At the end of 2015, Dow employed 49,500 people, about half of them in the US, nearly 5,000 fewer than it did at the end of 2012. During the same period, the number of domestic Dow manufacturing locations fell to 55, from 58, but increased by five in Latin America and Asia.
Not that Liveris is necessarily to blame—he and the company were targeted in 2014 by the activist investor Daniel S. Loeb, who called for splitting the company in two to bolster profits and ousting Liveris.
After a multiyear battle, Loeb essentially prevailed, and Liveris will exit Dow after it completes a merger with DuPont later this year, with a breakup to follow.
Dow is hardly the only company to reduce its head count in recent years. International Paper, whose chief executive also attended the White House meeting, had its work force in the US fall to roughly 34,000 in 2015, about 2,000 fewer than at the end of 2010.The final piece of the manufacturing jobs puzzle is technology, said Bill George, who formerly ran Medtronic, a producer of pacemakers, stents and other medical devices, and who now teaches at Harvard Business School.
George noted that Ford Motor Co., which Trump has tangled with and whose chief executive was at the White House on Monday, employs a fraction of the workers it did two decades ago because its production lines were now highly automated. Even boosters of the factory sector, like Scott Paul, president of the Alliance for American Manufacturing, an advocacy group, reacted cautiously to Trump’s initial approach on Monday.
“It’s easy to get CEOs to come in on the first day of his presidency and warn them they are on watch,” Paul said. “I believe a lot of the CEOs in that room want to do the right thing and create jobs in America, but the realities of Wall Street pressure and a globalized economy leads them to offshore a lot of these jobs.”
Paul added that “there are a lot of villains to go around” and that he hoped Trump would send a similar message to Wall Street chiefs like Stephen A. Schwarzman, chief executive of Blackstone, and Jamie Dimon of JPMorgan Chase, both of whom sit on an advisory panel of private-sector leaders Trump created last month.

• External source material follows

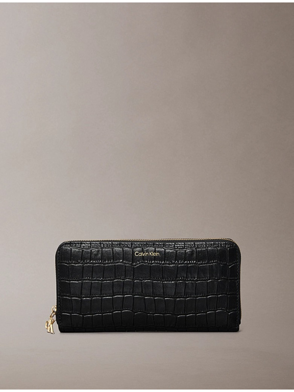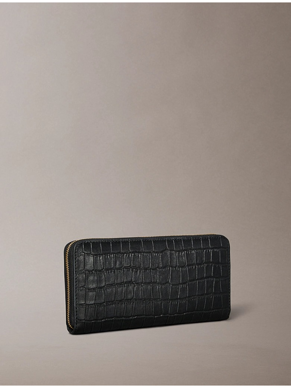Iz profinjene kolekcije Calvin Klein modnih dodataka, ovaj komad je uzdignut s bogatom teksturom utisnutog krokodilskog uzorka i završen fasetiranim metalnim monogramskim okovom za luksuzan dodir

Trump made clear on Monday that his plan to reshape the economy and revive the manufacturing sector went beyond exhortations, however. Taxes are up next, he suggested, and when it comes to tax policy, one of his top priorities is to punish US companies that move jobs abroad.
To curb such behavior, Trump said, he plans to impose a “substantial” border tax on such firms. In the past, he has said the tariff could be as high as 35 percent.
The logistics of such a tax continue to befuddle both Republicans and Democrats. Many wonder what penalties companies, such as General Motors, which already has a plant in Mexico, might face, or what would happen to a technology giant, such as Apple, that has contracts with manufacturers in China but does not manufacture there itself.
It also remains unclear whether the threat would be carried out as part of a broader tax overhaul or would be imposed through executive powers. While Congress generally sets tax policy, the president does have authority to impose tariffs under certain circumstances.
Michael R. Strain of the conservative American Enterprise Institute said Trump’s idea to punish companies for sending jobs abroad was a protectionist proposal and that he anticipated corporate backlash if it came to fruition.
“Everything he’s said about this has been so vague and ill defined, it’s hard to think about it sensibly,” Strain said. “It could be that the business community really starts pushing back against this stuff and it becomes a broader fight.”
During the meeting on Monday, Trump also made the case that building in the United States would soon become a more cost-effective proposition because of his plans to cut the corporate tax rate to 15 percent or 20 percent and reduce regulations.
He pointed to onerous environmental regulations as one area where changes could be on the way, and he insisted that, despite the more lax regulatory environment, protections would improve under his administration.
“There will be advantages to companies that do indeed make their products here,” Trump said.